Work request
Repeat exactly the lines below from the line that contains "5. Гуслякова А.В., Козлова" to the last line, inclusive, without the pictures.

Given information
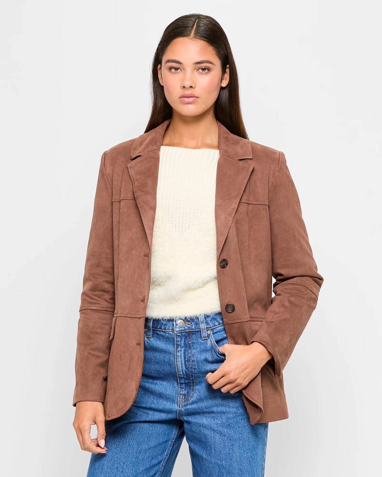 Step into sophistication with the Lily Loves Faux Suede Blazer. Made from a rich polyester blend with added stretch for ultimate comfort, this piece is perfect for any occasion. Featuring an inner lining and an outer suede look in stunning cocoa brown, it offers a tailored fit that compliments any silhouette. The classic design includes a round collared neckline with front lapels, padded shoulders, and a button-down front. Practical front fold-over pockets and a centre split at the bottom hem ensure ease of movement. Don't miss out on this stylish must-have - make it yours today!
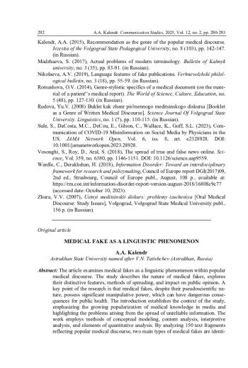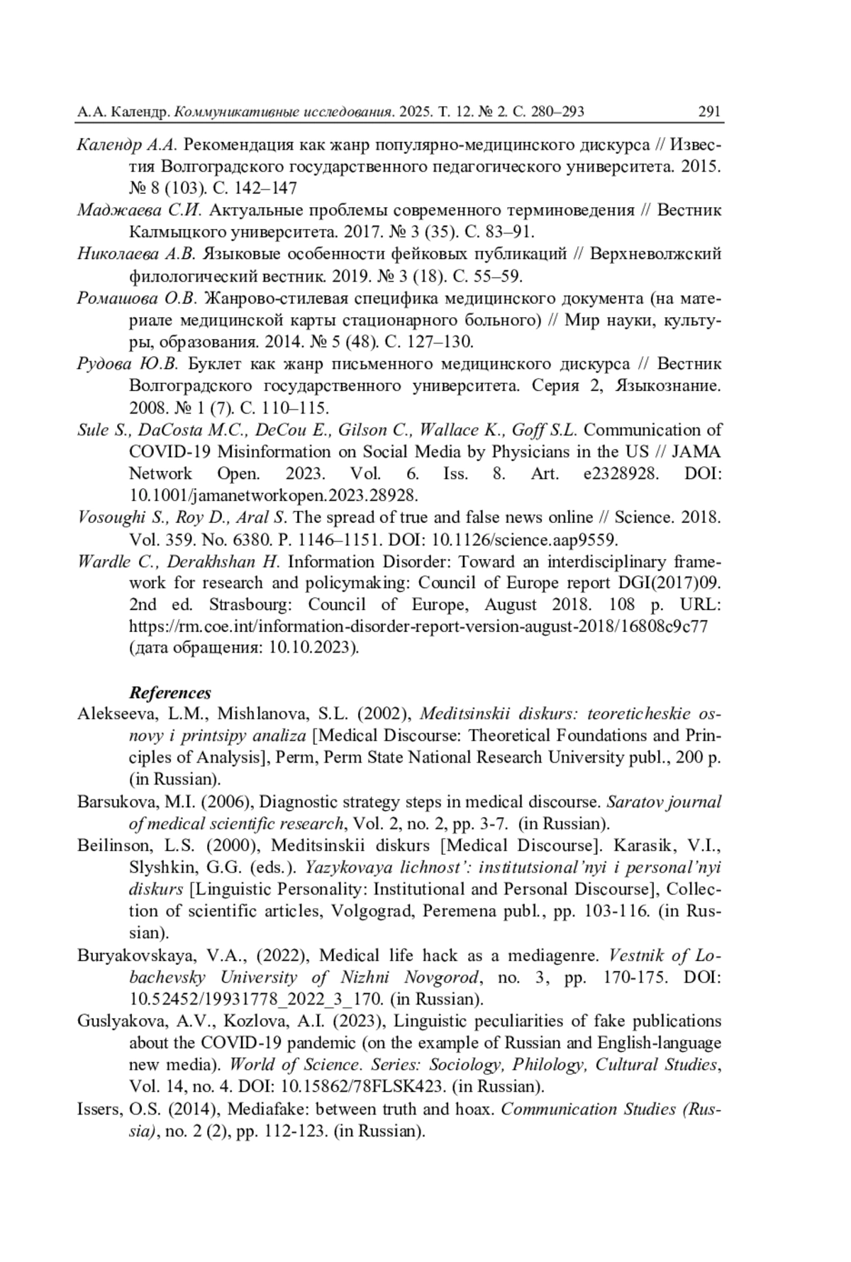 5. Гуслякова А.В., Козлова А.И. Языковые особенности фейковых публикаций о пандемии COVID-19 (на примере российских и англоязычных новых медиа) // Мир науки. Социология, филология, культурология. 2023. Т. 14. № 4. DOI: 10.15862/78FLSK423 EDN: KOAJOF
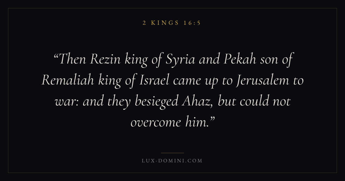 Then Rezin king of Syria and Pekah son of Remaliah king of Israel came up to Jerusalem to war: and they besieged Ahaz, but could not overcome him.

Exercise output
 5. Гуслякова А.В., Козлова А.И. Языковые особенности фейковых публикаций о пандемии COVID-19 (на примере российских и англоязычных новых медиа) // Мир науки. Социология, филология, культурология. 2023. Т. 14. № 4. DOI: 10.15862/78FLSK423 EDN: KOAJOF
 Then Rezin king of Syria and Pekah son of Remaliah king of Israel came up to Jerusalem to war: and they besieged Ahaz, but could not overcome him.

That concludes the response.